Technology

NEAR Protocol Confirms Verifiable Private Inference for AI

NEAR Protocol has detailed a new technical approach to AI execution, confirming that NEAR AI now utilizes secure hardware enclaves to provide verifiable private inference. The system is designed to return hardware-signed proofs that verify the specific model used, the data processed, and the execution itself, addressing growing concerns over data sovereignty and the limitations of closed AI models.

The development shifts the trust model from contractual agreements to cryptographic and hardware-level certainty. By running AI agents within a user-owned stack, NEAR aims to provide a structural alternative to centralized AI providers, particularly in light of increasing export controls and data privacy restrictions.

Secure Enclaves and Hardware Proofs

At the core of this update is the use of Trusted Execution Environments (TEEs), such as Intel TDX and confidential GPUs. According to official NEAR AI documentation, these secure enclaves allow inference to run in an isolated environment where memory is encrypted at the CPU level. This prevents host operators, hypervisors, or unauthorized third parties from accessing the data being processed.

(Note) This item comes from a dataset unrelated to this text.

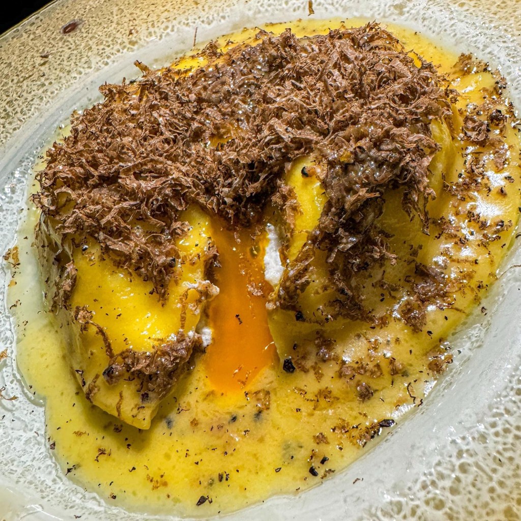 L’ Uovo in raviolo con burro tartufato e tartufo estivo era orgasmico.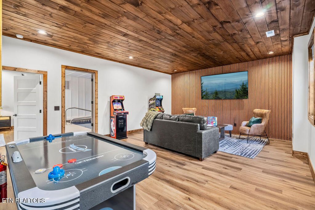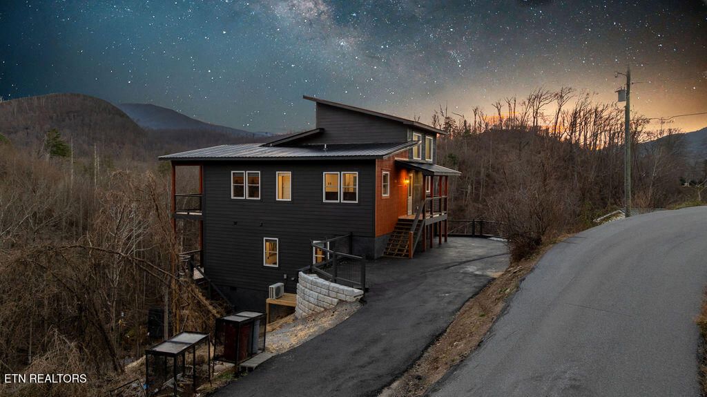 INVESTORS!!! LOCATION, LOCATION, LOCATION IN THE HEART OF GATLINBURG, TN LESS THAN 1 MILE FROM DOWNTOWN ATTRACTIONS AND ENTERTAINMENT! BRAND NEW JUST COMPLETED END OF DECEMBER 2025 SLEEK AND UNIQUE MODERN 3BR/3.5BA HEATED INDOOR GUNITE POOL WITH WATERFALL LUXURY CABIN WITH MOUNTAIN VIEWS IN GATLUNBURG, TN! SOLD FULLY FURNISHED AND TURNKEY READY FOR SHORT TERM RENTAL! LOADED WITH AMENITIES TO MAXIMIZE REVENUE WITH A STATE-OF-THE-ART ARCADE GAMEROOM/MEDIA ROOM, HOT TUB, AND MORE! PROJECTED GROSS INCOME OF APPROX $130,000. Being sold turnkey with all the bells and whistles! NO HOA OR MANAGEMENT RESTRICTIONS! Flexible layout allows sleeping accommodations for up to 12, enhancing rental potential . No expense has been spared here and the unique finishes will make this one stand out on the rental market! Interior features include: open floorplan, soaring vaulted wood ceilings, sleek design throughout, high end finishings, accent walls and wood accents, custom tile showers, luxury vinyl plank flooring, and more! Open kitchen with stainless appliances,quartz countertops, an island with microwave for additional seating, and a dining area allows seating for several. Spacious living room with fireplace for relaxing. Enjoy two bedroom suites (one a King Master Suite and the other a queen over queen bunk room) on the main level both with en suite bathrooms with custom tile with glass enclosures and double vanity sinks. On the lower level, you will find the state-of-the-art arcade gameroom, a third King bedroom suite with en suite bathroom, and a chance to unwind and take a dip in the oversized heated pool in the custom pool room with a wall of marble look tile and a waterfall. Enjoy soaking in the bubbling hot tub all while enjoying the outdoor lighting and star gazing while sitting on one of the multiple levels of decking with outdoor seating. Plenty of parking and paved roads to access the property. Located in a highly sought after location only minutes to downtown Gatlinburg, nature trails, and more! Must see! **Check out the 3D virtual walk through and video!!

The system generates a cryptographic “attestation” or hardware-signed certificate. This proof allows users or third parties to verify that the workload ran exactly as intended without being modified. The NEAR Protocol official account noted that the IronClaw security layer is used to protect the agent level, ensuring that users maintain sovereignty over their data and model interactions.

Addressing Data Sovereignty

The move toward verifiable inference comes as a response to the “closed” nature of frontier AI models. In typical cloud-based AI interactions, users must rely on the provider’s contractual promise that data is not being stored or used for training. NEAR’s implementation replaces this reliance on trust with “structural assurances,” where the silicon itself proves the security of the environment.

This approach is particularly relevant for:

  • Export Controls: Providing verifiable proof of hardware and execution locations.
  • Sensitive Workloads: Allowing institutions to run models on rented cloud compute without exposing proprietary data to the cloud provider.
  • Model Integrity: Ensuring that the specific version of an AI model requested is the one actually performing the task.

Status and Integration

While the technical framework for private inference and hardware attestation is now officially documented and confirmed, specific adoption metrics remain pending. The available sources do not yet provide data on total usage numbers or a comprehensive list of third-party integrations launched within the last 48 hours. The current focus remains on the deployment of human-owned AI stacks that leverage these secure hardware proofs to bypass centralized bottlenecks.